There’s no hotter area on Wall Street than ESG, with sustainability-focused funds near $ 2 trillion
Sustainable funds saw record inflows in the first quarter, increasing global assets under management in ESG funds to nearly $ 2 trillion, according to a Morningstar report released Friday.
The increase highlights the momentum behind ESG investing or when environmental, social and governance factors are considered. The net worth of this type of fund topped $ 1 trillion for the first time in the second quarter of 2020.
Global sustainable funds hit a record $ 185.3 billion in the first quarter of 2021, up 17% from the previous quarter. Overall, ESG fund assets grew 17.8% from the fourth quarter of 2020.
“2021 started where 2020 left off record demand for sustainable investment options around the world,” said Hortense Bioy, global director of sustainability research at Morningstar.
Europe accounted for over 79% of the total flow of funds, although other regions are providing more and more ESG funding.
In the US, sustainability funds saw net inflows of nearly $ 21.5 billion, a new record. The number has more than doubled year over year, after $ 10.4 billion in the first quarter of 2020, and was about five times that of the first quarter of 2019.

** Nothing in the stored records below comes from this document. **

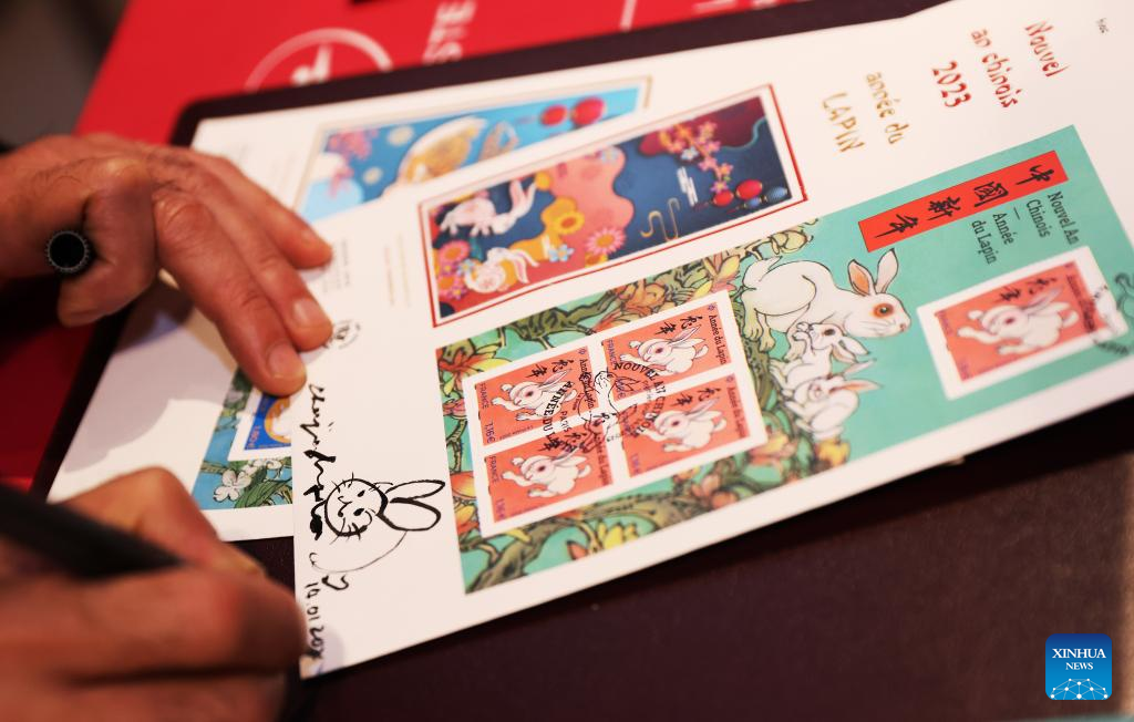 PARIS, Jan. 14 (Xinhua) -- French post office, La Poste, on Saturday issued two stamps to celebrate the upcoming Chinese New Year, the Year of the Rabbit, which starts on Jan. 22.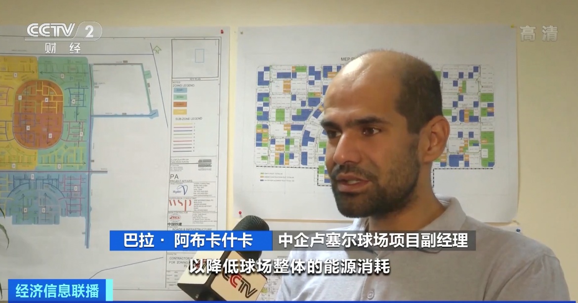中企卢塞尔球场项目副经理 巴拉· 阿布卡什卡:我们在球场建设过程中采用了很多工程技术,以降低球场整体的能源消耗。比如污水处理,我们通过抬高球场地基,利用重力作用来分离处理废水,无需使用单极水泵,这意味着更少的能源需求和运维需求。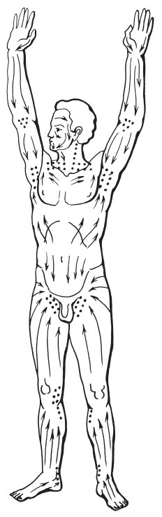 Прежде всего нам надо усвоить такую простую истину: сердце качает кровь, которая течет по направлению от центра к периферии, чтобы отдать кислород и питательные вещества всем органам и тканям организма. Затем кровь должна вернуться назад, к центру, чтобы снова обогатиться кислородом в легких и, пройдя через сердце, устремиться снова к периферии. Чтобы улучшить кровообращение, мы должны помочь крови вернуться обратно от периферии к центру. Поэтому все массажные движения всегда должны быть направлены от периферии к центру: то есть от кончиков пальцев к основанию, от кистей рук к плечам, от стоп к бедрам, и так далее. Направления массажных движений показаны на рисунке.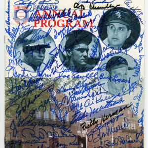 Hall of Fame alumni gathered in great number for the 1985 induction ceremony at Cooperstown. Held on the final weekend of July, this prestigious event honored the Class of 1985, Lou Brock, "Arky" Vaughn, Hoyt Wilhelm, and Enos Slaughter. This ceremony yielded a bumper crop of prized autographs for a very fortunate attendee, who collected (60+) signatures on the front of the offered 1985 Hall of Fame program. The program reports in solid condition, and the signatures average ("9" to "10") strength.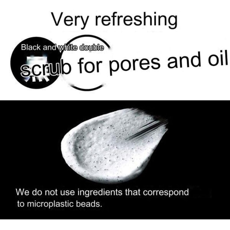 An invigorating citrus green scent; Black and white double scrubbing that removes pores and abra; This is a facial cleanser inspired by skin care that can be washed with black and white double scrubs that do not feel greasy. The scrubs are designed to fit the size of your poreBlack scrubs adheres to dirt deep into the pores, while white scrubs thoroughly clean sticky sebum that cling to your skin. Refreshing deep into your pores. Washes off very well. Contains menthol (cooling ingredient). Keeps skin clean and prevents acne Refreshing citrus green scent.

According to Morningstar, the five funds that saw the most inflows in the first quarter were iShares Global Clean Energy ETF, iShares ESG Aware MSCI USA, First Trust Nasdaq Clean Edge GreenEnergy, iShares ESG Aware MSCI EAFE, and iShares ESG Aware MSCI EM.
Sustainable funds that attracted the most money in the first quarter
|Fund name||ticker||Q1 flows in billions|
|iShares Global Clean Energy||ICLN||$ 1.98|
|iShares ESG Aware MSCI USA||ESGU||$ 1.33|
|First Trust Nasdaq Clean Edge GreenEnergy||QCLN||$ 1.00|
|iShares ESG Aware MSCI EAFE||ESGD||$ 0.87|
|iShares ESG Aware MSCI EM||ESGE||$ 0.82|
ESG investing was gaining momentum even before the pandemic broke out. But it has been accelerating since then, driven by a number of factors including Covid’s disproportionate toll on minorities, social unrest in the US, as well as devastating forest fires and deadly winter storms.

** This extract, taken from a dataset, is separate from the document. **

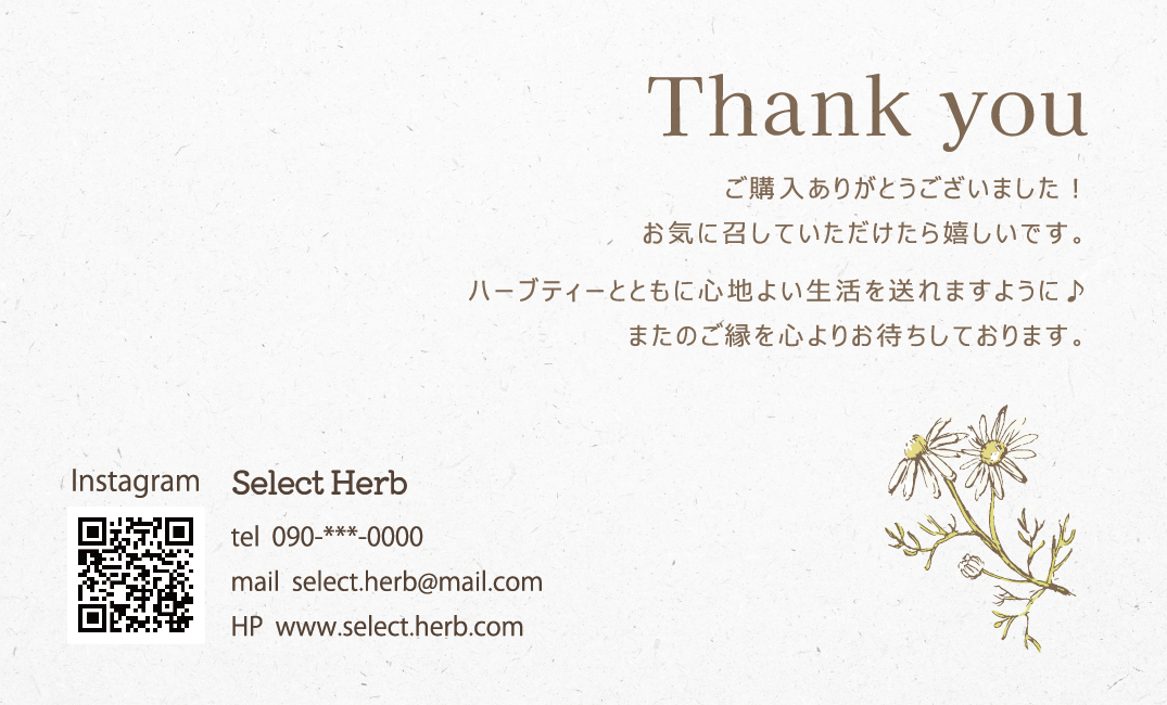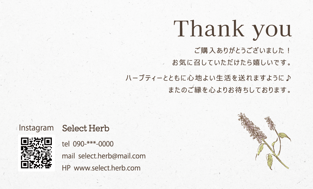茶色の文字色やクラフト紙の背景により、ナチュラルで心地よい雰囲気を表現しました。イラストは、購入したハーブの種類や季節に合わせて変更し、リピーターが温かい気持ちになるようなデザインを意図しています。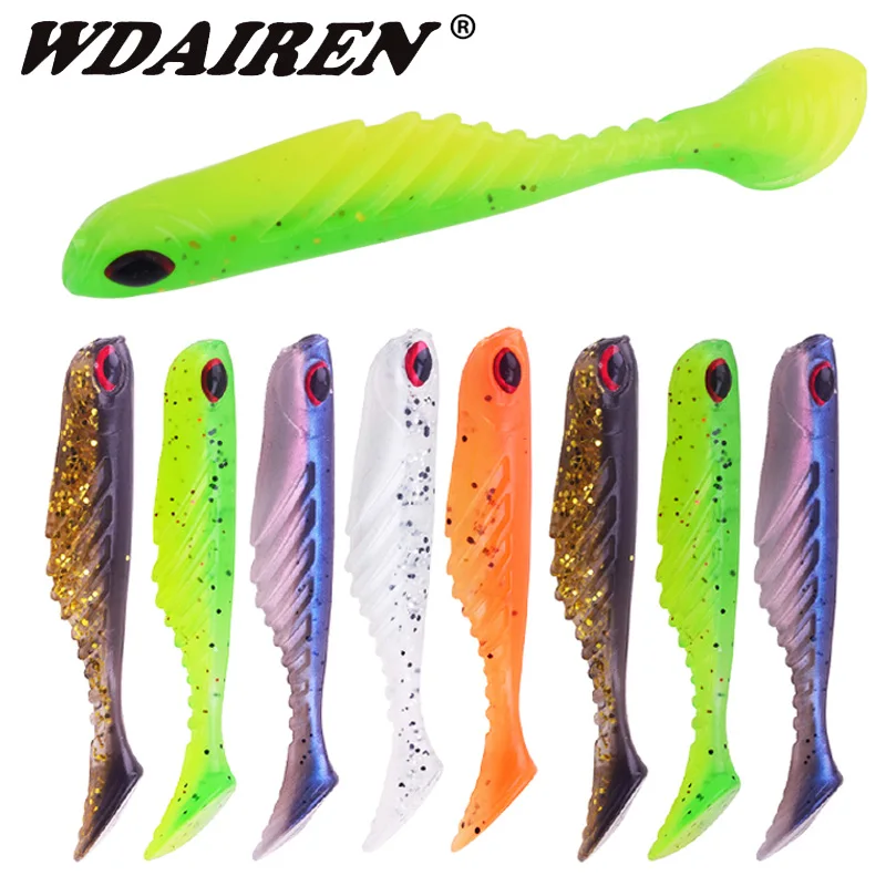 5 piezasunids/lote señuelo suave para Pesca 7cm 2,9g lubina 3D ojos de silicona cebo Artificial Señuelos de Pesca

“Over the past year there has been broad consensus on the need to address climate risk in investment portfolios,” Morningstar said in a recent report. “More and more investors are seeing the green transition to a low-carbon economy as an investment opportunity. As a result, asset managers are rapidly developing new risk management solutions, bringing innovative products to market and upgrading existing ones to help investors decarbonise their portfolios and turn them into environmentally friendly solutions invest.” “added the company.

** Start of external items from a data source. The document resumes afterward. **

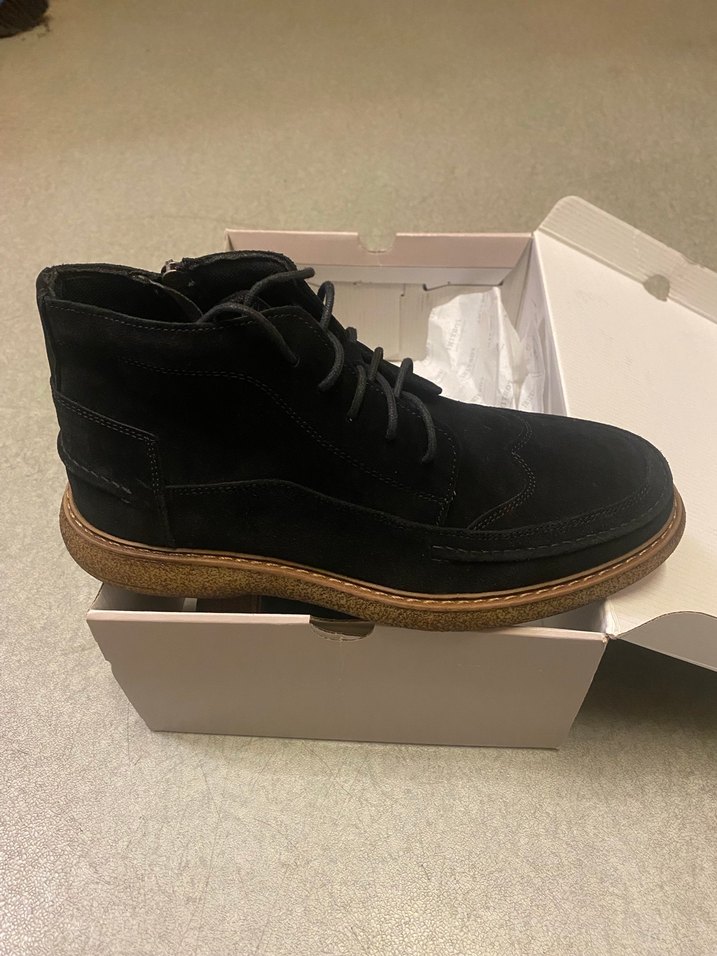 Siyah süet erkek bot, tokalı tasarımıyla ofis ve sokak stiline uygun. Trendy ve gündelik kullanıma uygun, desensiz koyu renkli.
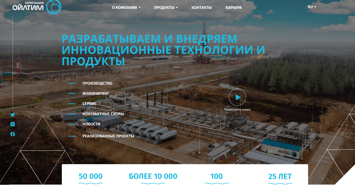 Создать современный корпоративный сайт для компании, специализирующейся на поставках оборудования и предоставлении сервисных услуг для нефтегазового сектора. Сайт должен эффективно представлять продукцию, демонстрировать компетенции компании и обеспечивать простой контакт с клиентами.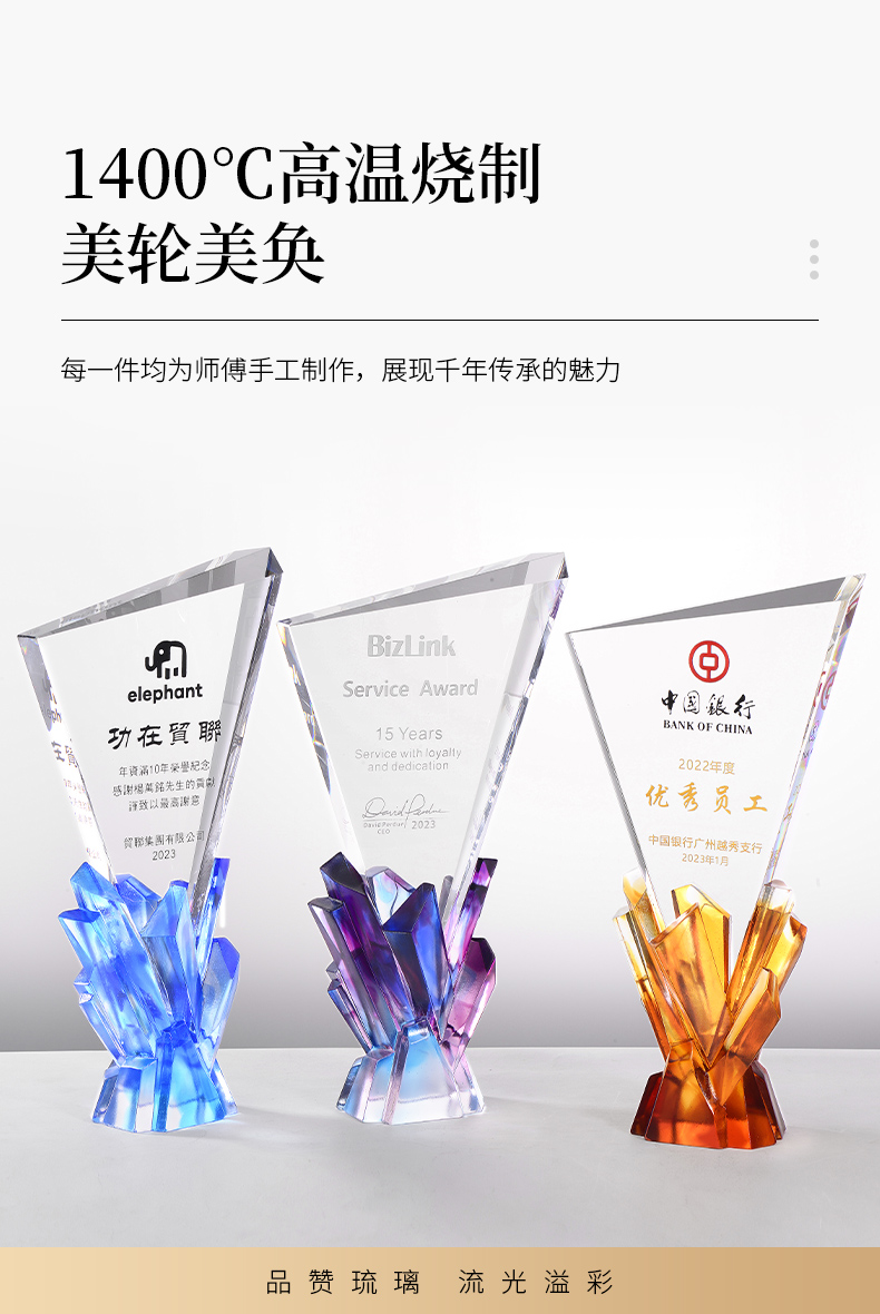 1031 / 新款古法琉璃水晶奖杯定制创意琉璃奖牌定做企业年会员工销冠颁奖

“ESG” is an umbrella term that can contain a large number of different investment strategies, which is why it has been criticized in some cases. Opponents cite a lack of transparency.
For the “E”, Morningstar stated that at the end of 2020 there were 400 climate-conscious funds. The company stated that these can be broken down into five categories: low carbon, climate conscious, environmentally friendly, climate protection solutions, and clean energy / tech.